Gene amplification refers to a number of natural and artificial processes by which the number of copies of a gene is increased "without a proportional increase in other genes".

Artificial DNA amplification 
In research or diagnosis DNA amplification can be conducted through methods such as:

 Polymerase chain reaction, an easy, cheap, and reliable way to repeatedly replicate a focused segment of DNA by polymerizing nucleotides, a concept which is applicable to numerous fields in modern biology and related sciences.
 Ligase chain reaction, a method that amplifies the nucleic acid used as the probe. For each of the two DNA strands, two partial probes are ligated to form the actual one; thus, LCR uses two enzymes: a DNA polymerase (used for initial template amplification and then inactivated) and a thermostable DNA ligase.
 Transcription-mediated amplification, an isothermal, single-tube nucleic acid amplification system utilizing two enzymes, RNA polymerase and reverse transcriptase, to rapidly amplify the target RNA/DNA, enabling the simultaneous detection of multiple pathogenic organisms in a single tube.

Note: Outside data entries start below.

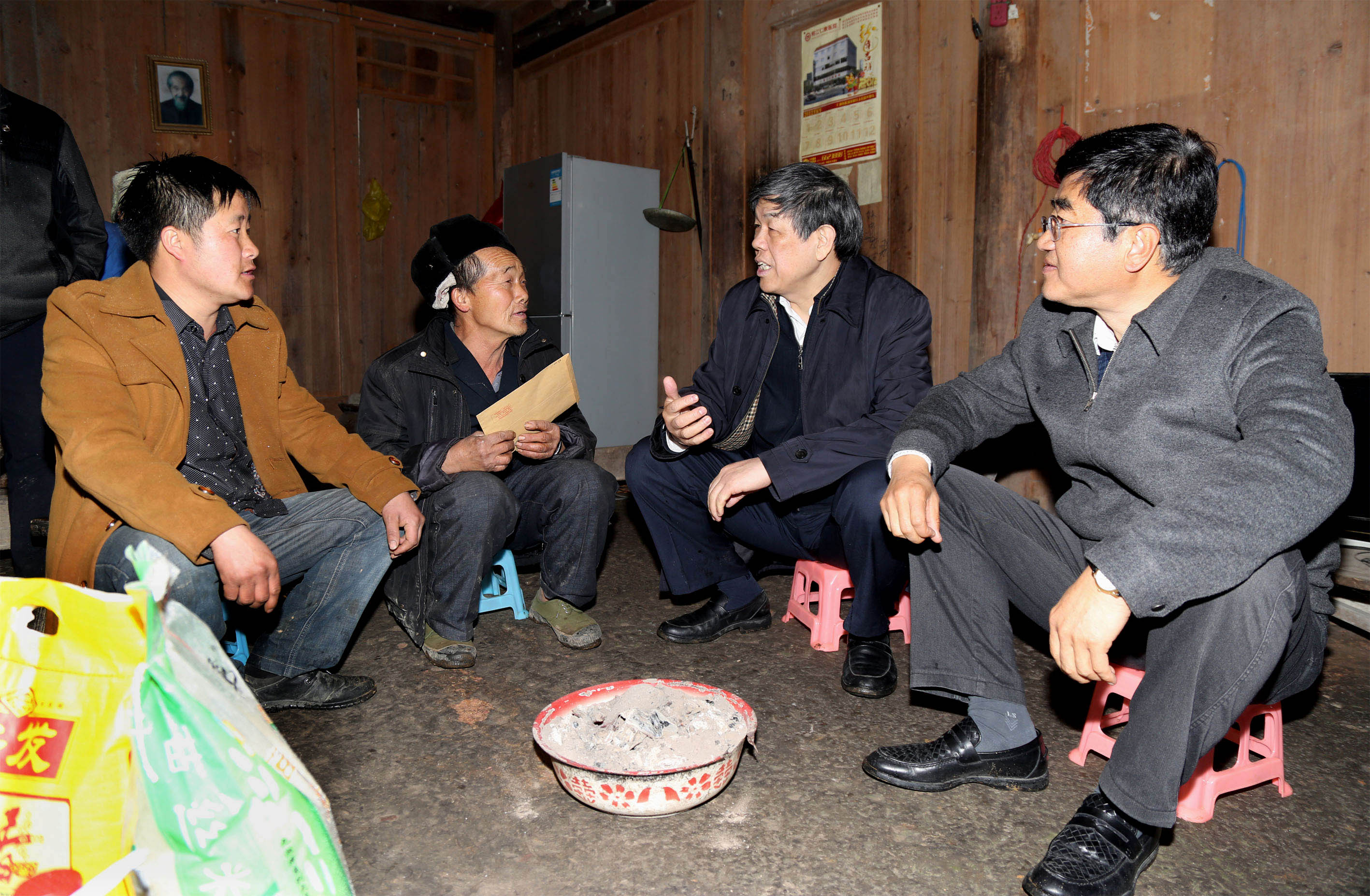 陸東福與貴州省領導慰問高扒村困難群眾石喜江一家。
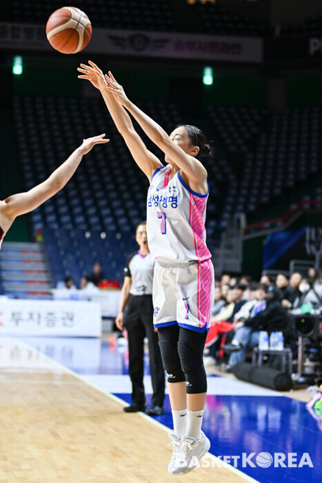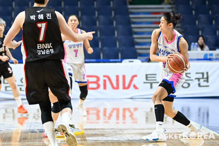 BNK 변소정의 수비에 아랑곳않고 슛 시도하는 삼성생명 윤예빈
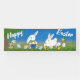 Adorable Easter bunnies and painted eggs. Happy Easter outdoor event sign.
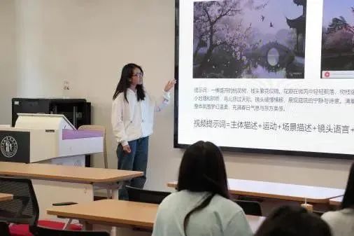 AI创作工作坊特邀AI校歌MV主创王文林、中国好创意暨全国数字艺术设计大赛国赛金奖得主徐子媛两位同学现场分享,演示从AI脚本生成到特效包装的全流程技法,实现红色叙事与智能技术的深度融合。
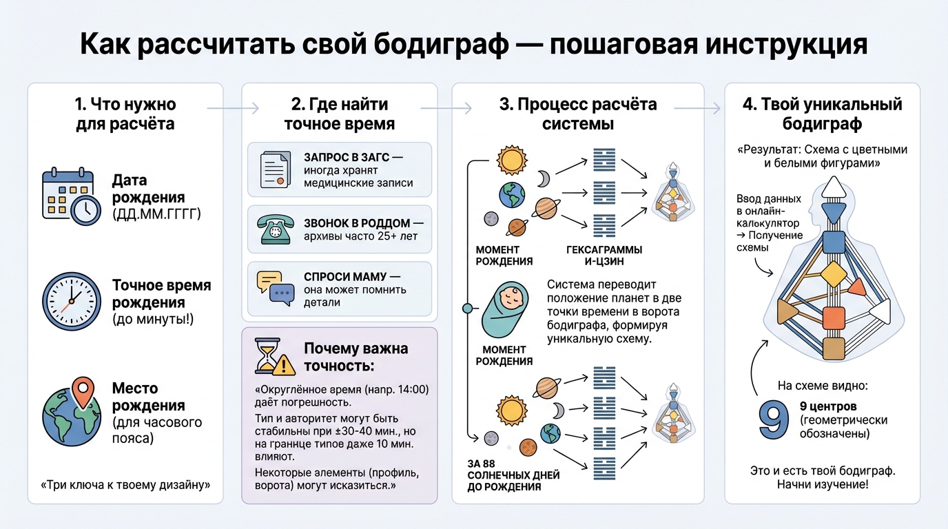 Если время известно с точностью до часа — бодиграф можно рассчитать, но некоторые элементы (профиль, отдельные ворота) могут оказаться неточными. Тип и авторитет обычно не меняются при погрешности до 30-40 минут, но бывают исключения: если ты «на границе» между типами, даже 10 минут могут сдвинуть результат.

Natural DNA amplification 
DNA replication is a natural form of copying DNA with the amount of genes remaining constant. However, the amount of DNA or the number of genes can also increase within an organism through gene duplication, a major mechanism through which new genetic material is generated during molecular evolution. Common sources of gene duplications include ectopic recombination,  retrotransposition event, aneuploidy, polyploidy, and replication slippage.

A piece of DNA or RNA that is the source and/or product of either natural or artificial amplification or replication events is called an amplicon.